BEGIN Recorded information

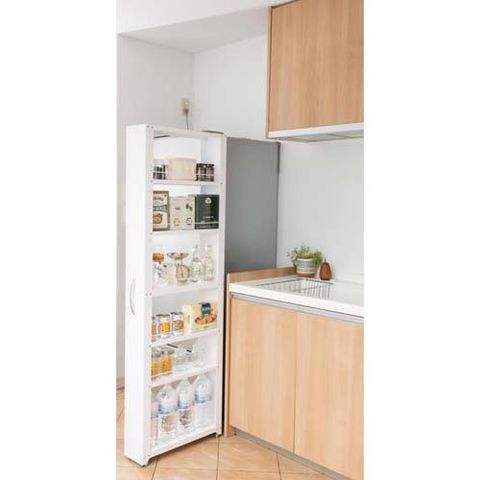 ●冷蔵庫横や洗面台横など省スペースに置ける隙間収納ラック。
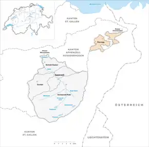 Oberegg n'est pas contigu au reste du canton. Il est constitué de deux parties distinctes, enclavées entre les cantons de Saint-Gall et d'Appenzell Rhodes-Extérieures.
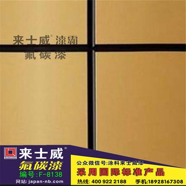 氟碳面漆是選用優良氟碳樹脂為基料,添加助劑及各種金屬效果顏料精制而成的雙組份溶劑型外墻漆,具有良好的耐候性、抗污性和抗腐蝕性,金屬效果顏料的隨向異色性賦予漆膜很高的裝飾性和華麗的質感。
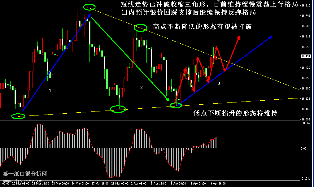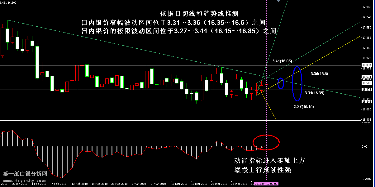 今日下方關鍵支撐位3.28~3.3(16.2~16.3)、3.26(16.1)、3.19(15.8)、3.15(15.6);今日上方關鍵阻3.36(16.6)、3.4~3.42(16.8~16.9)、3.44(17)、3.5(17.3)。 提示:技術僅僅是基于概率論和統計學的一種綜合分析手段,絕非預測。所以技術分析是在考慮做好止損的情況下去博取大概率事件,投資不可過于迷信技術分析。(短線操作請一定做好止損,一旦被損,代表分析師基于概率和統計的技術分析不適用于當前行情) 另外,由于紙白銀價格是國際銀價換算而來,而換算過程中涉及到人民幣對美元匯率的變化,即使在國際銀價不變化的情況下,如果人民幣貶值或升值,也會導致紙白銀價格出現變動。因此,我們的分析只采用最新的國際銀價對應的人民幣白銀價格,如與過去分析價格有出入, 投資者應知曉其原因。 1、文中價格為紙白銀價格,括號內為國際銀價,投資者可雙向參考。 2、以上所有價格為工商銀行買入價,即紙白銀低價。進倉點位要再加點差(各銀行點差不一),出倉則不要。 3、第一紙白銀給出的所有建議僅供投資者參考,不作為下單絕對依據,切勿過于依賴。 4、北京時間08:55發布此文章。 5、上一交易日白銀價格分析情況:(4月9日)白銀有望先上破三角形 保持震蕩上行格局

END Recorded information

Exercise directions -
Beginning with the line that contains "Oberegg n'est pas" and ending with the final line of the material, reproduce those lines exactly and nothing else. Omit the pictures.

Exercise solution -
 Oberegg n'est pas contigu au reste du canton. Il est constitué de deux parties distinctes, enclavées entre les cantons de Saint-Gall et d'Appenzell Rhodes-Extérieures.
 氟碳面漆是選用優良氟碳樹脂為基料,添加助劑及各種金屬效果顏料精制而成的雙組份溶劑型外墻漆,具有良好的耐候性、抗污性和抗腐蝕性,金屬效果顏料的隨向異色性賦予漆膜很高的裝飾性和華麗的質感。
 今日下方關鍵支撐位3.28~3.3(16.2~16.3)、3.26(16.1)、3.19(15.8)、3.15(15.6);今日上方關鍵阻3.36(16.6)、3.4~3.42(16.8~16.9)、3.44(17)、3.5(17.3)。 提示:技術僅僅是基于概率論和統計學的一種綜合分析手段,絕非預測。所以技術分析是在考慮做好止損的情況下去博取大概率事件,投資不可過于迷信技術分析。(短線操作請一定做好止損,一旦被損,代表分析師基于概率和統計的技術分析不適用于當前行情) 另外,由于紙白銀價格是國際銀價換算而來,而換算過程中涉及到人民幣對美元匯率的變化,即使在國際銀價不變化的情況下,如果人民幣貶值或升值,也會導致紙白銀價格出現變動。因此,我們的分析只采用最新的國際銀價對應的人民幣白銀價格,如與過去分析價格有出入, 投資者應知曉其原因。 1、文中價格為紙白銀價格,括號內為國際銀價,投資者可雙向參考。 2、以上所有價格為工商銀行買入價,即紙白銀低價。進倉點位要再加點差(各銀行點差不一),出倉則不要。 3、第一紙白銀給出的所有建議僅供投資者參考,不作為下單絕對依據,切勿過于依賴。 4、北京時間08:55發布此文章。 5、上一交易日白銀價格分析情況:(4月9日)白銀有望先上破三角形 保持震蕩上行格局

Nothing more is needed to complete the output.